YOUR OBJECTIVE: Without including any images, output the listing below exactly.

** DATA SECTION follows **

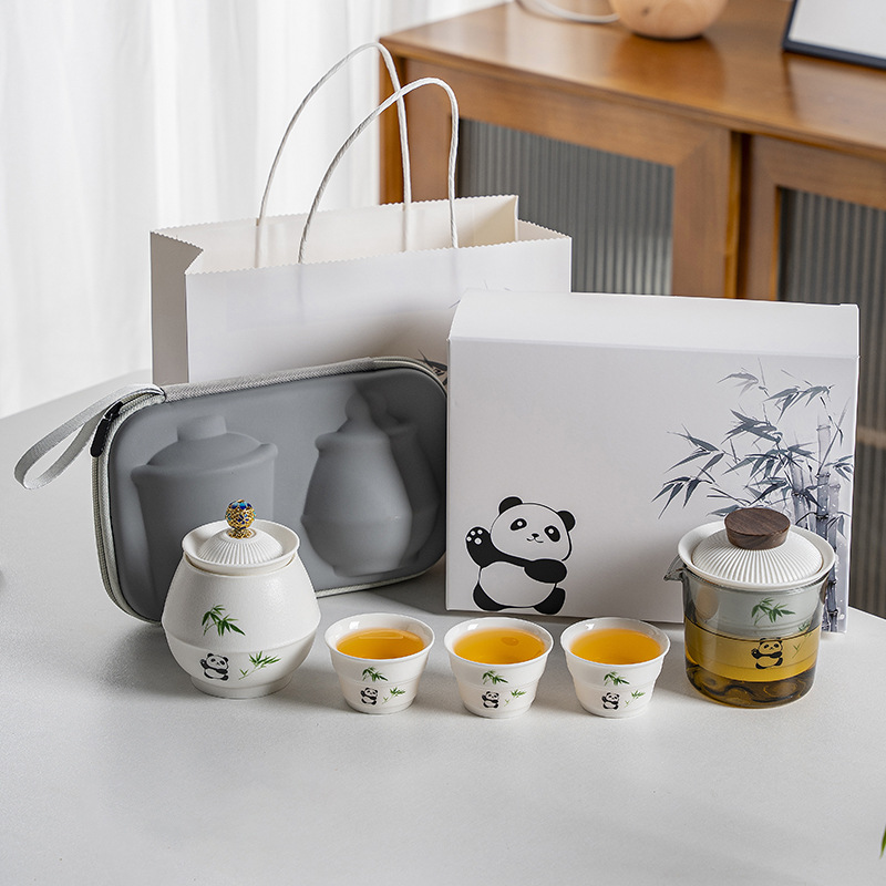 Panda rises, travel tea set, portable Kuaike Cup, business event commemorative gift LOGO
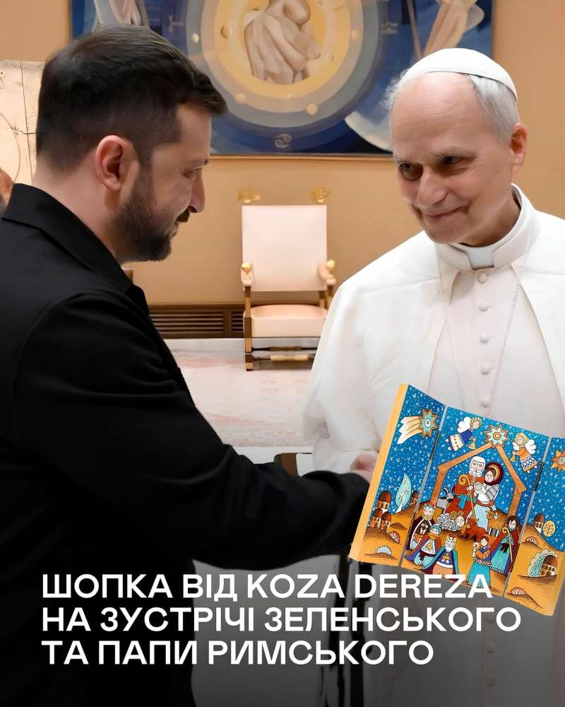Різдвяну шопку-триптих, створену майстрами етномайстерні «Коза Дереза», представили під час аудієнції Президента України Володимир Зеленський у Папи Римського Папа Римський. Для команди майстерні це стало великою честю і справді особливим моментом.
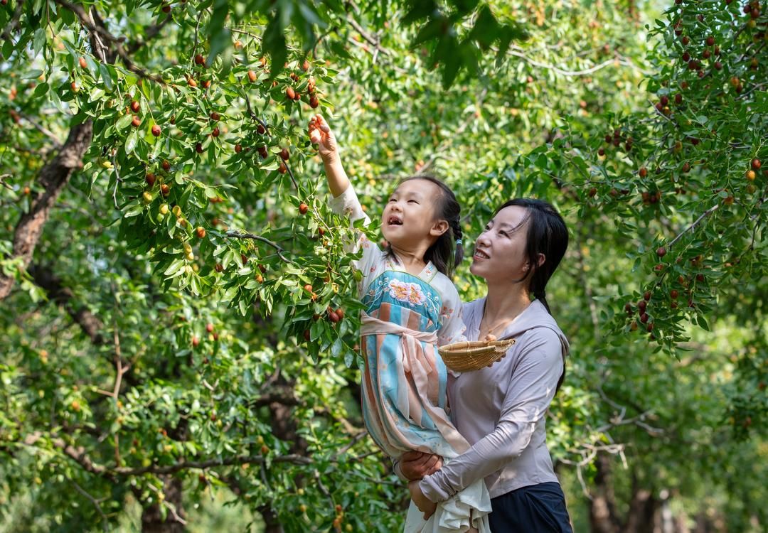 次日清晨,采风团赴枣博园,望海亭下骑行者、枣林间跑团与绿色枣林相映,勾勒 “生态乐陵” 活力。朱集镇千年枣林中,枣农打枣、游客采摘、老枣树下农民画教学的场景,既显千年枣文化底蕴,更绘乡村振兴新图景。

** End of DATA SECTION **

OUTPUT OF THE TASK:
 Panda rises, travel tea set, portable Kuaike Cup, business event commemorative gift LOGO
Різдвяну шопку-триптих, створену майстрами етномайстерні «Коза Дереза», представили під час аудієнції Президента України Володимир Зеленський у Папи Римського Папа Римський. Для команди майстерні це стало великою честю і справді особливим моментом.
 次日清晨,采风团赴枣博园,望海亭下骑行者、枣林间跑团与绿色枣林相映,勾勒 “生态乐陵” 活力。朱集镇千年枣林中,枣农打枣、游客采摘、老枣树下农民画教学的场景,既显千年枣文化底蕴,更绘乡村振兴新图景。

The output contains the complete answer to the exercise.